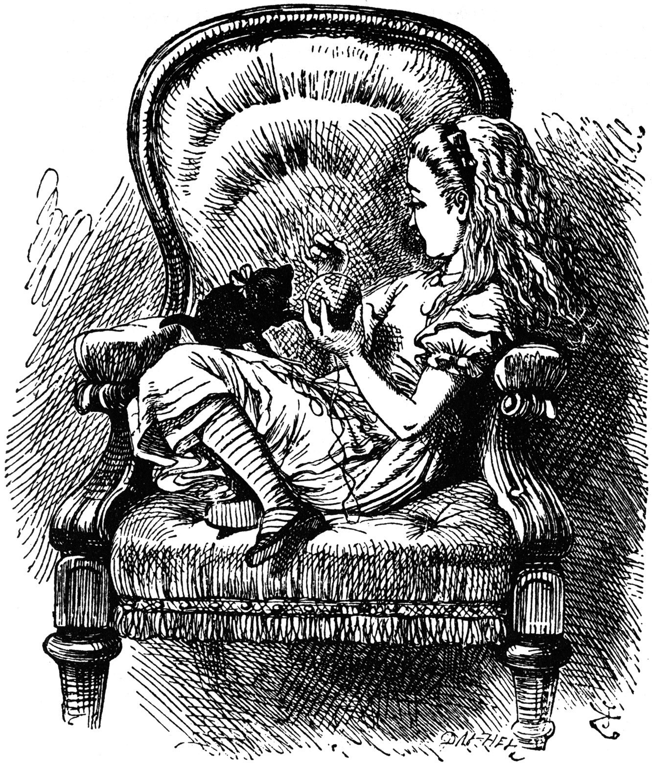 "Oh, You Wicked Little Thing" by John Tenniel, from Alice's Adventures in Wonderland
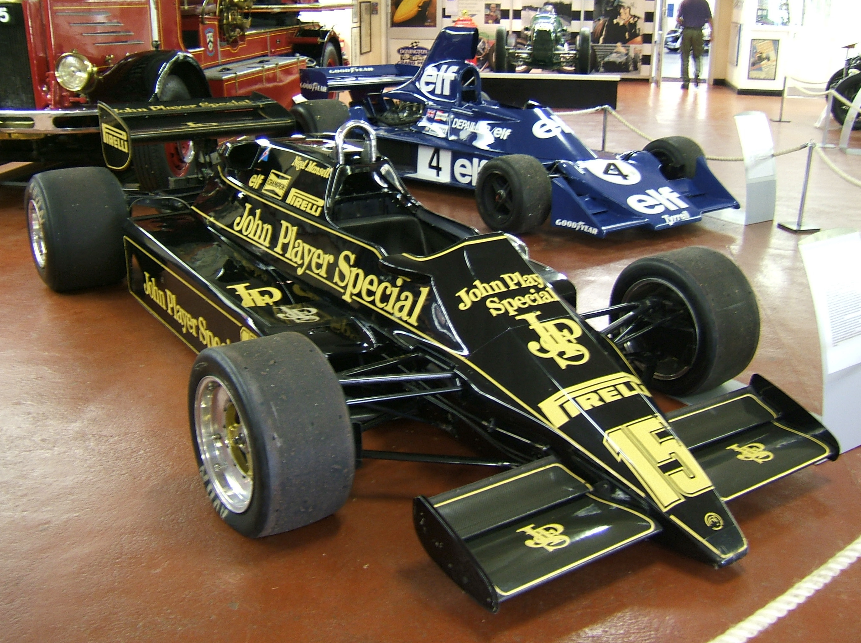 Lotus 92 Formula One car. In the Donington Grand Prix Collection museum, Leics., UK
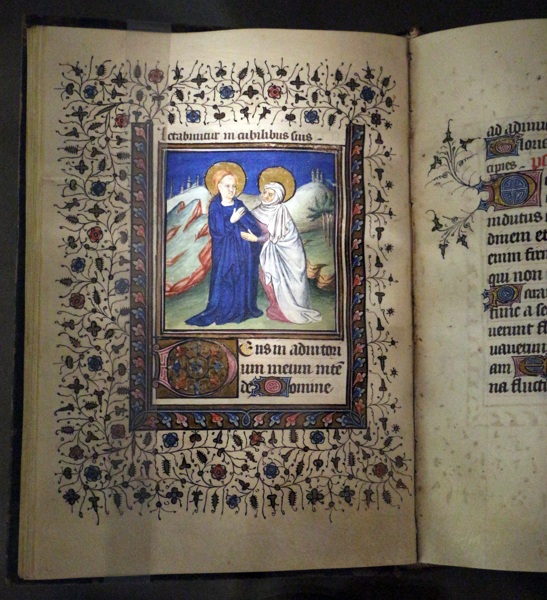 Biblioteca trivulziana (Milan)
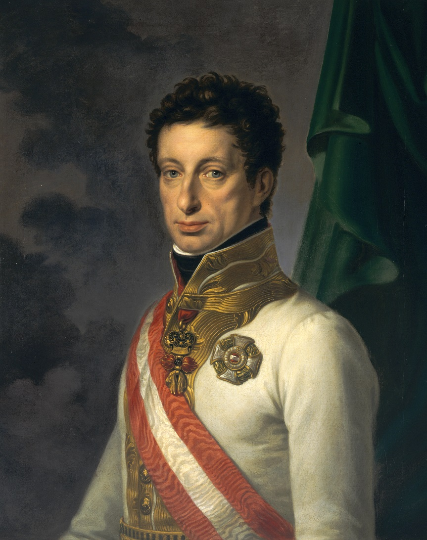 Archduke Charles, Duke of Teschen (1771-1847)
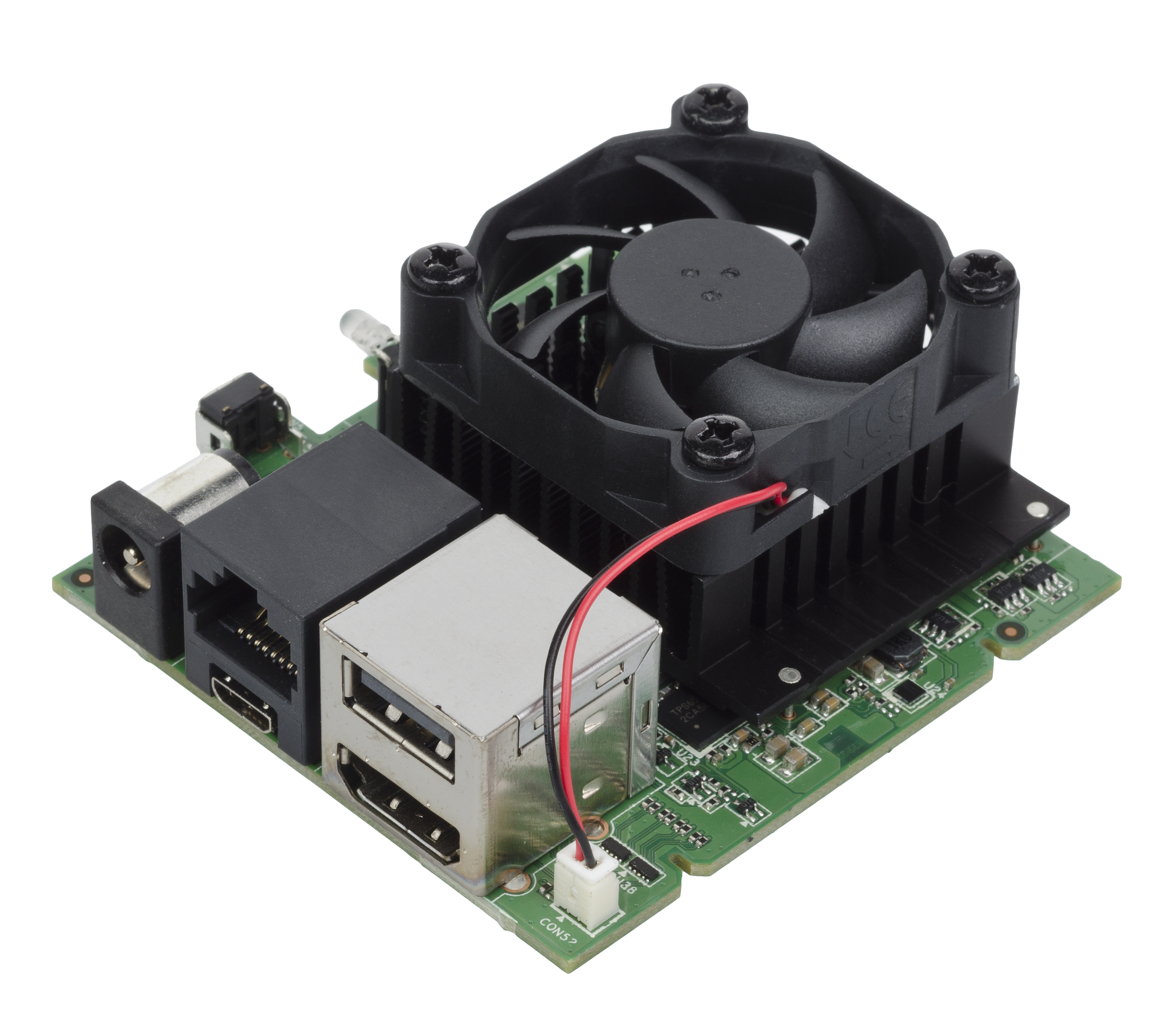 The motherboard of the Ouya, a gaming microconsole that runs a modified version of the Android operating system. Released in 2013, the Ouya started out as a Kickstarter project that raised over 8 million dollars. Though based off of phone hardware and an Android operating system, games for the system must be specifically ported to the Ouya and sold through its digital distribution service. The Ouya's motherboard is very small, as the console runs on hardware commonly used in cell phones. Specifically, the console runs of a Nvidia Tegra 3 chip.

· · · · ·

The lines wanted are those from the start of the material above through the line with "Archduke Charles, Duke", both included; print them exactly and skip any picture.

 "Oh, You Wicked Little Thing" by John Tenniel, from Alice's Adventures in Wonderland
 Lotus 92 Formula One car. In the Donington Grand Prix Collection museum, Leics., UK
 Biblioteca trivulziana (Milan)
 Archduke Charles, Duke of Teschen (1771-1847)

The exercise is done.